REQUIREMENT:
Transcribe word for word each line from the one containing "天然A货翡翠大势至菩萨吊坠尺" to the final line of the data, both included. Skip the pictures.

RECORDS TO USE:

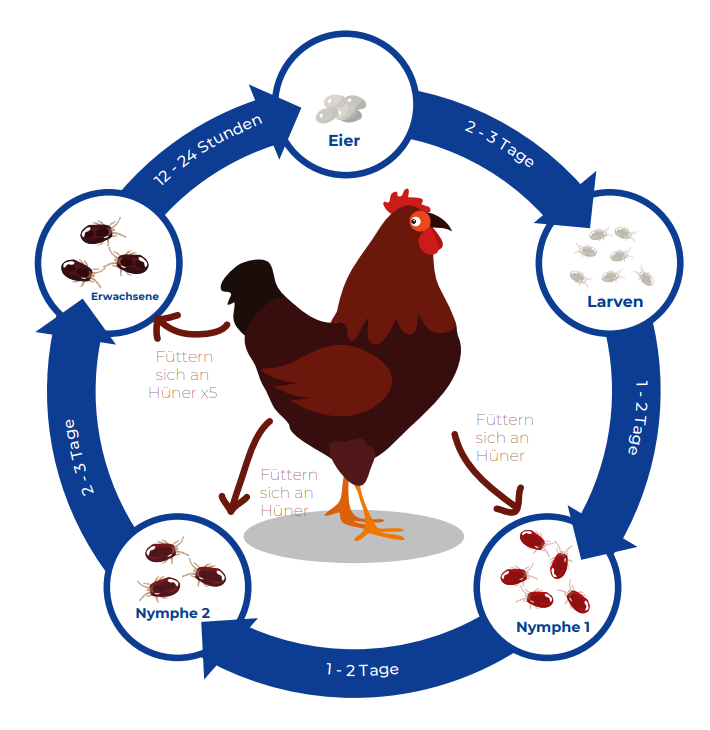 - Rote Vogelmilbe: Bis 1,5 mm große Milbe mit vier Entwicklungsstadien. Die Entwicklungsdauer ist temperaturabhängig, bei Wärme (über 25 °C) und Feuchte innerhalb einer Woche! Weibchen überleben im Schnitt etwa 20 Tage in leeren Hühnerställen, aber auch bis zu neun Monate. Tagsüber versteckt in Ritzen und Fugen, saugen Nymphen und erwachsene Milben in der Nacht bei den Hühnern Blut. Ihr Aktionsradius beträgt dabei rund 80 Zentimeter. Achtung: Auch Menschen werden als Fehlwirte befallen!
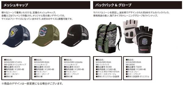 サバイバルシーンを想定し、迷彩柄でデザインされたBSAAモデルのバックパック。使用用途の高い、指穴タイプのトレーニンググローブをラインナップ。
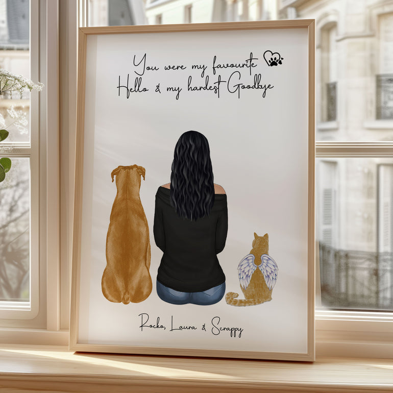 Capture the beauty of your cherished loved ones with our Customisable Girl & Pet Illustration Print - a heartfelt tribute to your beloved furry friend. Personalize every detail from hairstyles to names to create a one-of-a-kind memorial.
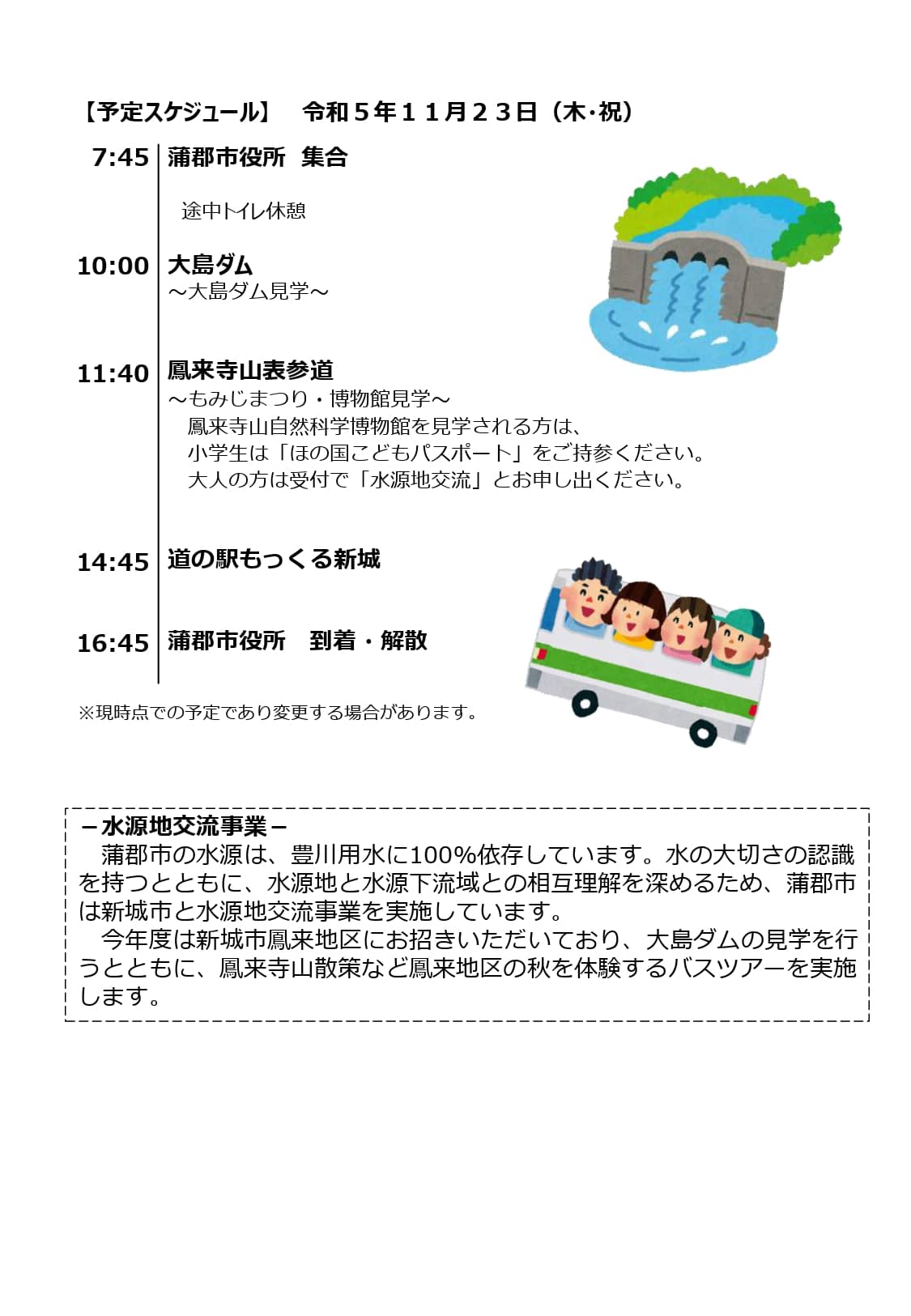 | 場所 | 大島ダム、鳳来寺山表参道、道の駅もっくる ※蒲郡市役所からバスで移動 |
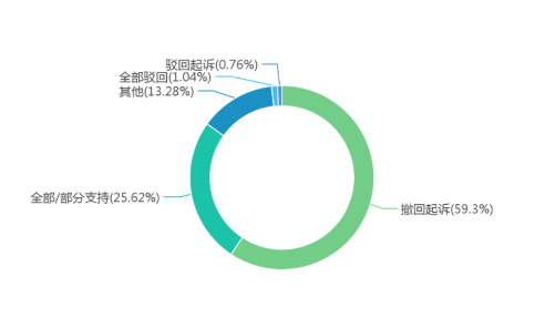 通过对一审裁判结果的可视化分析可以看到,当前条件下撤回起诉的有1317件,占比为59.30%;全部/部分支持的有569件,占比为25.62%;其他的有295件,占比为13.28%。
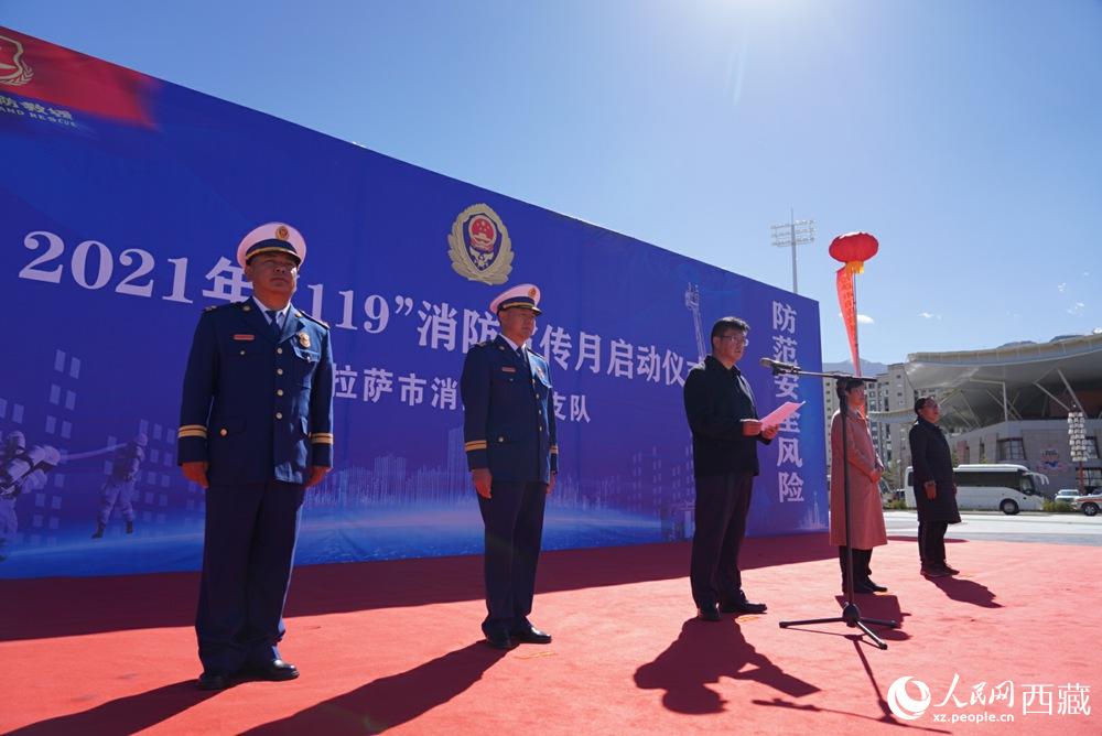 拉薩市2021年“119”消防宣傳月啟動儀式現(xiàn)場。拉薩市委常委 、常務(wù)副市長占堆(左三)出席儀式并講話。人民網(wǎng) 次仁羅布攝
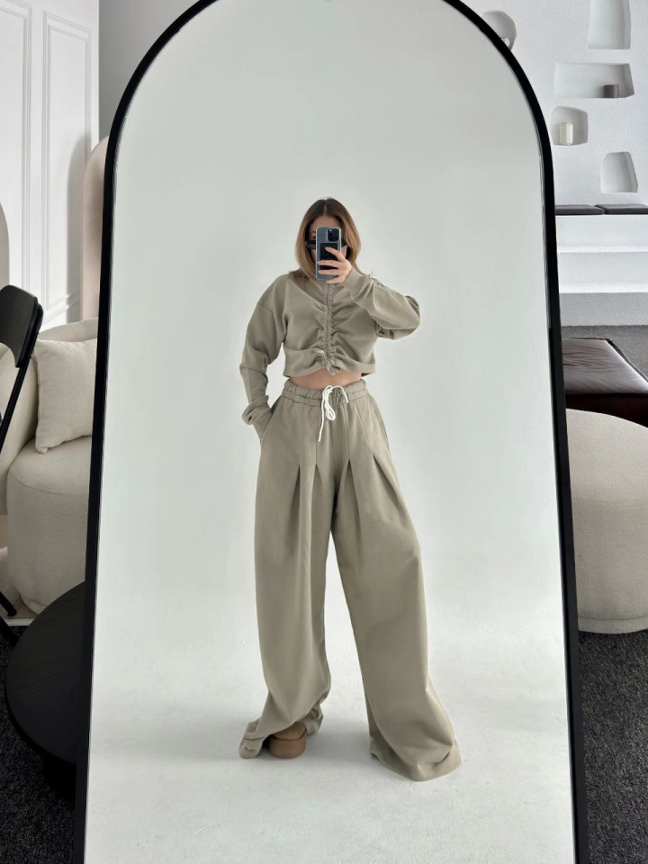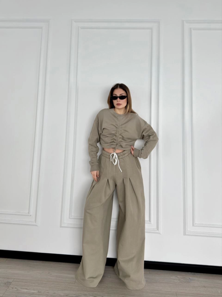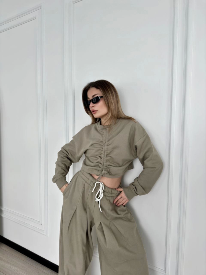 Uzun Kollu Önü İp Büzgülü Crop Ve Pantolon İkili Takım – Haki
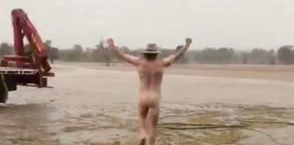 Watch Drought-Stricken Farmer Spontaneously Rejoice in Rainfall Wearing Nothing But a Hat
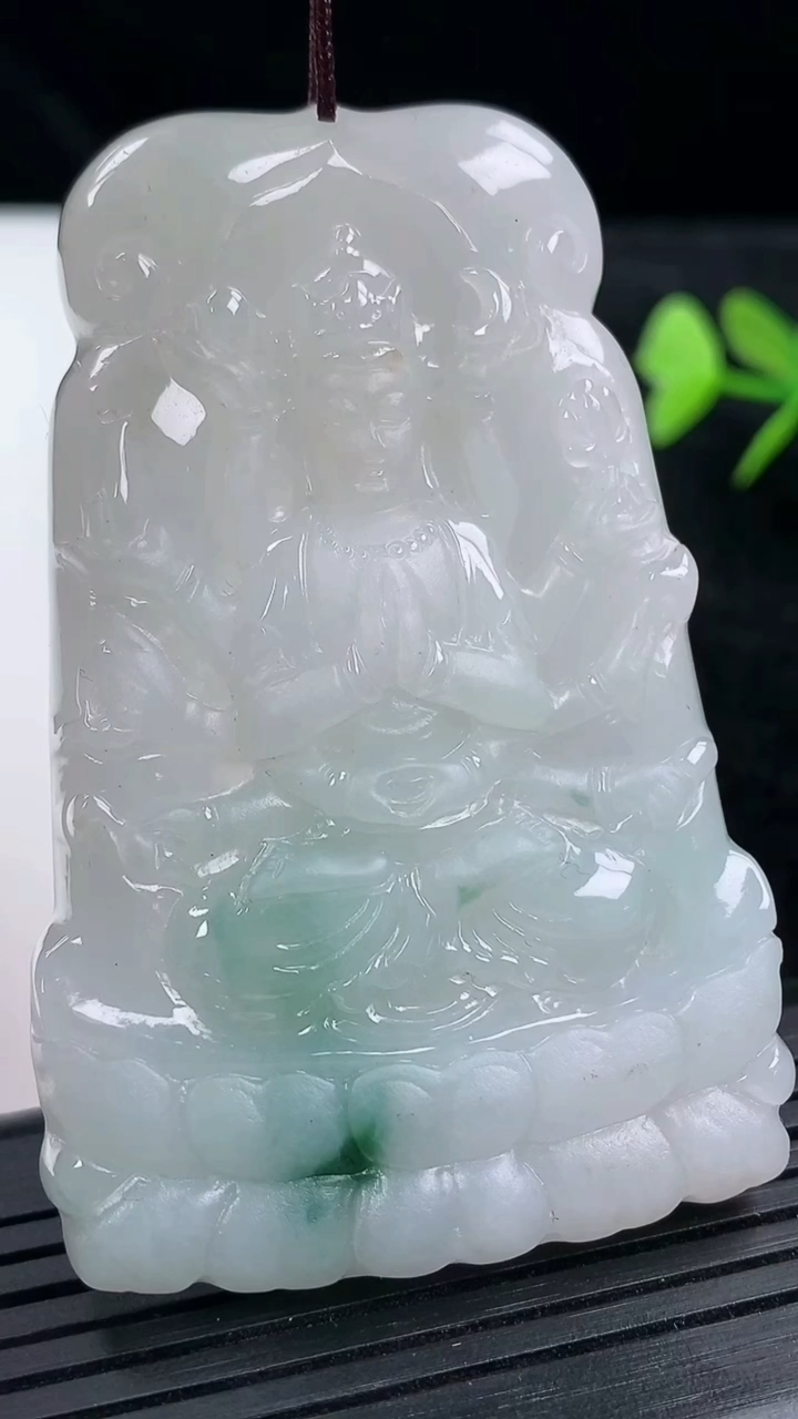天然A货翡翠大势至菩萨吊坠尺寸64.1-42.2-5.1重量:27.75g 3月14日
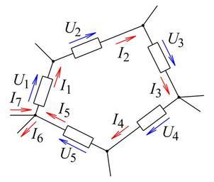 Keywords: Masche und Knoten.svg de Masche und Knoten in einer elektrischen Schaltung own Saure 2012-06-07 An Anlehnung an File Kirchhoff_law2 svg Cc-zero Kirchhoff's circuit laws

SOLUTION BELOW:
天然A货翡翠大势至菩萨吊坠尺寸64.1-42.2-5.1重量:27.75g 3月14日
 Keywords: Masche und Knoten.svg de Masche und Knoten in einer elektrischen Schaltung own Saure 2012-06-07 An Anlehnung an File Kirchhoff_law2 svg Cc-zero Kirchhoff's circuit laws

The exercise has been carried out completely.